3 new stores open in downtown Sacramento as popular restaurant forced to close
SACRAMENTO – Three new stores have opened in less than two weeks in downtown Sacramento. At the same time, a popular restaurant was forced to close for good.
It's a grand opening celebration for the newest business in Old Sacramento.
"It's exciting, it's so wonderful, this is a dream come true," said Hope Menefee, owner of Ecojoyous.
Ecojoyous is a store selling locally made crafts and upcycled goods.
But this new Old Sacramento shop is within sight of another family-owned business that just shut down last weekend.
Rio City Cafe had been along Sacramento's waterfront for 30 years.
It permanently closed after the city of Sacramento, which owns the building, refused to fix the dilapidated outdoor dining deck.
"It definitely impacts the community as a whole," said Andrew LaFrance with Downtown Sacramento Partnership.
It's the latest ebb and flow of downtown's business economy.
"It will change and things will get better for sure," Menefee said.
Further down K Street, the Starbucks at the entrance to Downtown Commons has also closed.
But within the last 10 days, two new businesses—the Cabana Club and Lucky Gold Jewelry—have opened in DOCO.
"I think there's so much going on and we have to keep propelling that forward, making fun places for locals, for tourists," said Paula Thompson, owner of Cabana Club.
For more than a decade, the Downtown Sacramento Partnership has run the Calling All Dreamers contest, a program to help create more local businesses.
That's how Menefee was able to open her shop.
"She was able to sit down, think through financial projections, marketing, staffing, hr, all of that and kind of round out her business concept," LaFrance said.
Capital Tuk-Tuk is another successful contestant, now giving rides to people in a three-wheeled electric vehicle.
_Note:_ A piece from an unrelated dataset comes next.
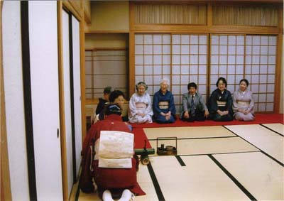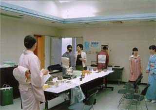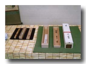 | お席は、濃茶・薄茶点前の1席のみで、お客様は延岡分会の先生方をお呼びしました。濃茶・薄茶ともに御家元好みを使用いたしました。 お茶会のテーマにつきましては、北朝鮮ミサイル発射のニュースがとびこんですぐということもあり、全国大会のテーマ“祈り”をふまえ、“平和の祈り”、“朝鮮との文化交流をもう一度見つめ直す”という2点を掲げ、お道具は出来る限り高麗陶を使用しました。 また、地元色を出すために、延岡市の木工家に、地元の材を作った木地香合と煙草盆を出品いただき、使用しました。 (感想) ・平日の夜ということで、会員の応援がままならず、1席のみの執行が残念です。 ・御家元の御染筆ならびに大宗匠の御茶杓を、このリレー茶会で初めて使用させていただき、光栄でした。 |

"There's lots of small businesses that you can come and support, there's great restaurants and attractions as well," said Manushi Weerasinghe, the owner of Capital Tuk Tuk.
Small business owners like Menefee, now hoping more people will come downtown and check out what's new.
"It is very promising," Menefee said.
Mayor Darrell Steinberg says he is working to bring back a $40 million plan to modernize the Old Sacramento waterfront that was postponed during the pandemic.